Strangers, yet not so

                We meet so many people in the span of a day. We may not even realize that we do. We even converse with them, it usually is only a few lines, but conversation nevertheless. By people, I mean the book shop person, the lift person, the mama who sits at the library entrance, the conductor on the bus, why even the bhaji wala!

But some days, these conversations go beyond the lines that you would use everyday. Some days, it goes beyond the small talk that you indulge in everyday.

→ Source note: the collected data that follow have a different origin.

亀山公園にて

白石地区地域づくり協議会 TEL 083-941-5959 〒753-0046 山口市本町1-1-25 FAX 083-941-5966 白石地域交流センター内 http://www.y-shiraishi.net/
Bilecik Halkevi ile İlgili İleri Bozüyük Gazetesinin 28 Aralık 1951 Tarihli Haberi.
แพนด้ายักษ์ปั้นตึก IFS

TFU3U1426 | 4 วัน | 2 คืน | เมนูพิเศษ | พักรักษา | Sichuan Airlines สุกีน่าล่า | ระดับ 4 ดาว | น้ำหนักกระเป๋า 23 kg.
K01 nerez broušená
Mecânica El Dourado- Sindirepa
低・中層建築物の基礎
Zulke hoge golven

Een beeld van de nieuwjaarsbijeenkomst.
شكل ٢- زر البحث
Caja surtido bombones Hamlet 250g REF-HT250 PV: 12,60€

Like one of the days, I was buying a book at Bhavan's book stall, the place I've been buying books for the past 5 years. There is one incredibly grumpy, always irritated old man at the cashier counter who has always asked me to stop talking to whoever is with me and buy the books and leave. So, I'm usually not enthusiastic about standing at the counter for too long as I can't not talk. :P

But then, one of the other days, besides mentioning the fact that I've been a customer for almost 5 years (I was surprised he knew that! ) he started talking about how they have been right outside the college for 50 years and while people earned away by unfair means, his shop has remained the same old humble shop. He also spoke about students coming back from America with a foreign wife and showing around the college.(He also let me return my books worth Rs 2000 15 days after the deadline..the advantages of being a regular customer I tell you :D )

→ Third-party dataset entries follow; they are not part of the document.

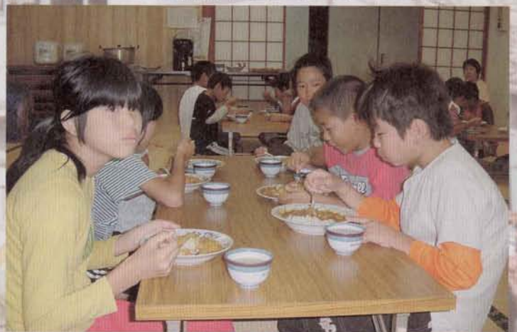
▲うん、これはうまい
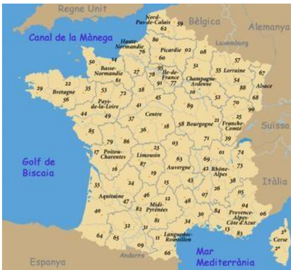
Imagen: Los departamentos

El país está subdividido en 99 departamentos . Cada departamento es administrado por un consejo departamental ( conseil départemental ), que se elige cada seis años. El número de cada departamento se corresponde con la posición de su nombre en el orden alfabético. Este número lo encontramos también en las matrículas de los vehículos.
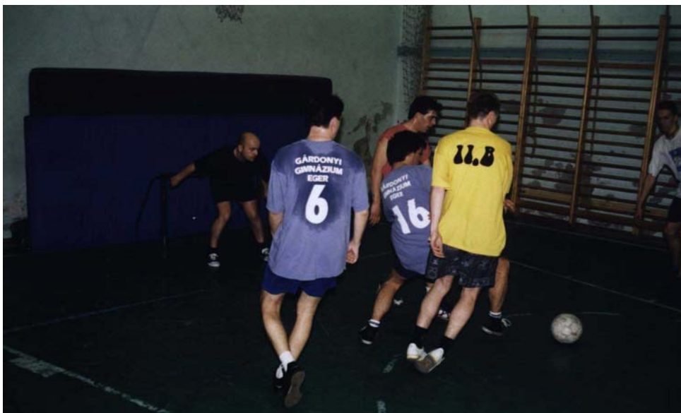
Görcsösen támadnak a diákok

Nagy érdeklődéssel várták a diákok is, a tanárok is a tanár-diák focimeccset. A diákok edzéséről nem szivárgott ki semmi, teljes volt a hírzárlat; míg a tanárok rendszeresen edzettek hétfőnként, majd „taktikai megbeszéléseket” is tartottak. A tavalyi vesztes csapat teljesen kicserélődött (ők voltak a diákok), de a korábban győztes tanári csapatban is végrehajtották a szükséges frissítést és fiatalítást.
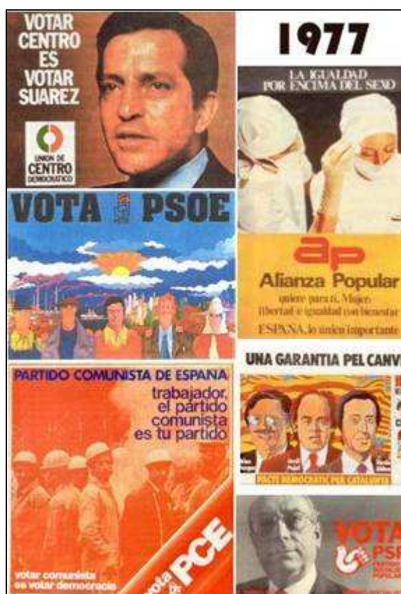
Carteis das eleccións de 1977

A UCD foi un partido creado desde o poder ao que se afiliaron a maioría dos cargos públicos franquistas (gobernadores civís, alcaldes, etc.)
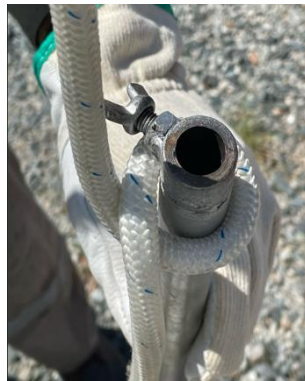
Laçada para içar o suporte com a bandeira para evitar a queda.
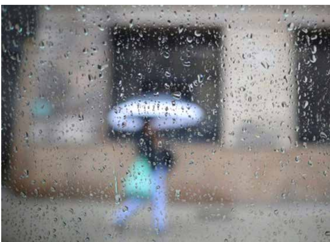
As chuvas mais fortes ocorrerão na terça e estarão concentradas no oeste do estado

As chuvas mais fortes devem ocorrer nesta terça-feira e estarão concentradas no oeste do estado, próximo à divisa com o estado do Paraná.
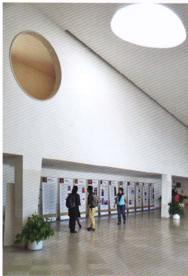
Exposição Memórias e Feminismos. 2014.

Ao longo destes anos, de diferentes maneiras e em diversos momentos, a ESE tem sido, no Campus do Instituto Politéc-
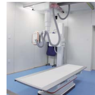
西门子DR数字化 医用X射线射影系统
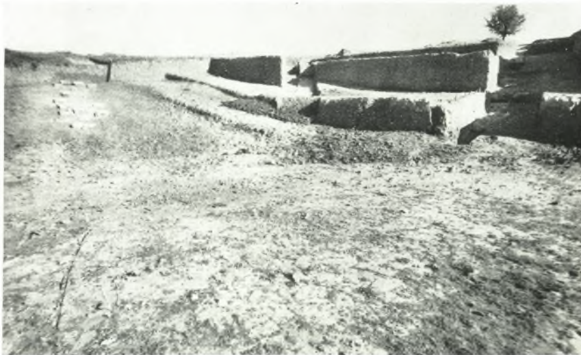
β. Ἀποψις ἐκ τῆς ὀρχήστρας τῶν ἀκτινωτῶν τάφρων τοῦ ἀνατολικοῦ τμήματος τοῦ κοίλου τοῦ θεάτρου τῆς Ἡλίδος.
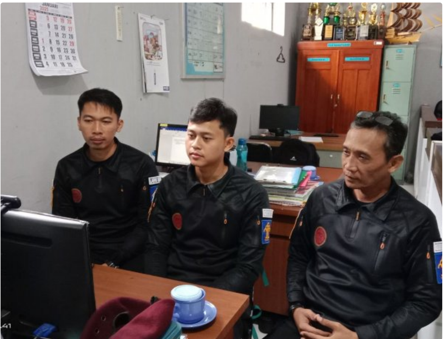
Bangun Harmoni dan Strategi, Lapas Besi Ikuti Webinar Refleksi Akhir Tahun 2024 & Resolusi 2025

CILACAP – Sebagai salah satu langkah dalam pengembangan kompetensi bagi Aparatur Sipil Negara (ASN), Petugas Lembaga Pemasyarakatan Kelas IIA Besi berpartisipasi dalam kegiatan webinar bertajuk "Refleksi Akhir Tahun 2024 dan Resolusi 2025", Rabu (18/12/2024).
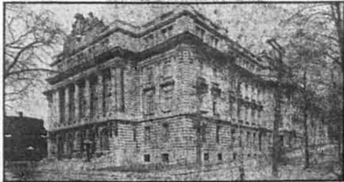
Les murs sud et est de l'école en 1935.

L'édifice d'origine épouse la forme d'un «J» construit en bordure de l'avenue Viger et de la rue Saint-Hubert, avec de courtes sections rue de La Gauchetière et rue Labelle. Le bâtiment d'esprit victorien qui se trouve à l'angle sud-est des rues Labelle et de La Gau-
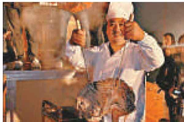
廚師從百年老鍋中取出美味羊肉

伴隨著「請我吃上席，不如掏羊鍋。羊翻沾老酒，強盜來了也不走……」的童謠，一場饕餮盛宴11日在浙江餘杭倉前鎮傾情上演——太炎故里，第四屆倉前羊鍋節隆重「開鍋」。
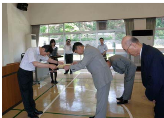
近畿技術事務所での表彰風景 (平成22年7月22日撮影)
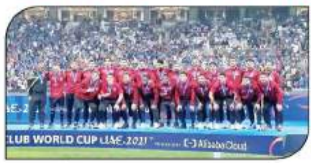
لحظة تتويج النادي الأهلي بالبرونزية

استطاع اللورد الأحمر تحطيم الأرقام القياسية في كأس العالم للأندية والتي أقيمت مؤخراً في دولة الإمارات العربية حيث فاز النادي الأهلي المصري على فريق الهلال السعودي في مباراة تحديد المركزين الثالث والرابع بأربعة أهداف دون رد ليصبح نادي العين الإفريقي بالبرونزية للعام الثاني على التوالي تحت قيادة حنية الجنوب أفريقي بيتسو موسيماني وتعتبر البرونزية الثالثة للأهلي في التتويج. وعلى الجانب الآخر فاز نادي تشيلسي الإنجليزي بطل أوروبا بالكأس إثر تغلبه بصعوبة بالغة في المباراة النهائية على نادي بايرن ميونخ الألماني بعدد أهداف في الوقت الإضافي للمباراة وقام لاسو تشيلسي الإنجليزي بعمل مع شرفه نجوم الأهل عند تسليم الميدالية البرونزية للعبة التتويج في مشهد حالي يدعو للفخر. أرقام قياسية للأهلي في مونديال الأندية: • وفيما يلي نستعرض الأرقام القياسية الجديدة التي حققها الأهلي خلال نسخة كأس العالم للأندية والتي اختتمت الأسبوع الماضي في دولة الإمارات. • من بين ٢١ فريقاً من مختلف القارات شارك في كأس العالم للأندية أصبح الأهلي ثالث أندية العالم تتويجاً بلقبه البرونزي في تاريخه. • وهو ما يمنح الأهلي لقبه الثالث كأفضل فريق من أفريقيا في تاريخه. • كما حصل على أربع ميداليات ذهبية، وبرتونزية واحدة. • وهو ما يمنح الأهلي لقبه الثالث كأفضل فريق من أفريقيا في تاريخه. • وهو ما يمنح الأهلي لقبه الثالث كأفضل فريق من أفريقيا في تاريخه. • وهو ما يمنح الأهلي لقبه الثالث كأفضل فريق من أفريقيا في تاريخه.
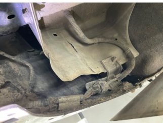
Arka bölüm, Arka sac/panel > Vuruk

Another incident with the mochi. This family owns a slipper shop on the roadside as well as a vegetable cart. The lady of the family handles the vegetable sales and there is no time that I have bought something from her when she hasn't given something extra as goodwill. Always a handful of curry leaves with lemon, a bunch of coriander leaves with ginger, 50 more gms of ginger when buying 100 gms of it. Also the rangoli powder in case of festivals. They will give you that knowing smile and you probably know nothing about them but there is this vendor-customer connect between the two.

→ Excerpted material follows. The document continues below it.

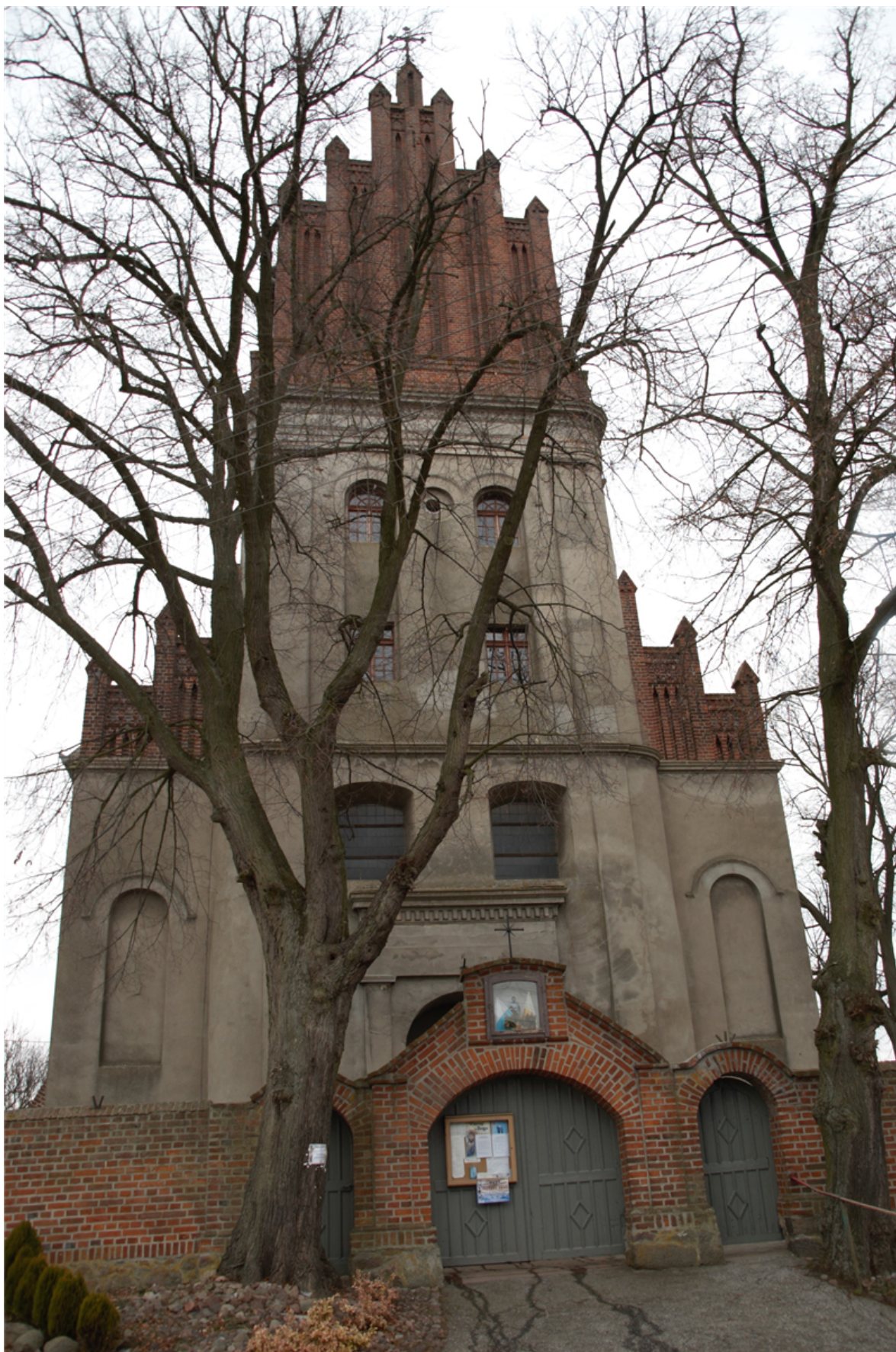
(Zespół klasztorny Zgromadzenia Sióstr Miłosierdzia św. Wincentego a Paulo w Bysławku)

Yet another incident. 3 years ago, the day I had got admission into this institute of mine, I was really surprised on my way back home in the rickshaw. The driver asked me about my marks and admission and all of that and  also spoke about his son who was doing his diploma and how he would want admission into an engineering college the next year. He asked me if I would do a favour and tell him the cut offs for my college and gave me his number, didn't ask for mine. I somehow didn't dismiss it and actually searched the whole year on every notice board for cut offs but in vain. But finally when I did find, I made it a point to call him up and tell him. He was so happy and said that he used to wonder every time when he passed by my building if I had forgotten about this. Almost 2 months later, when I had totally forgotten about all of this, this very person called back to inform me (he had stored my number as I had called him on his mobile phone) that his son got into Saboo Siddik with an aggregate of 86% and thanked me profusely for having informed him. I wouldn't recognize him if I ever saw him again but then this incident proves how random people are related somehow by small incidents like these.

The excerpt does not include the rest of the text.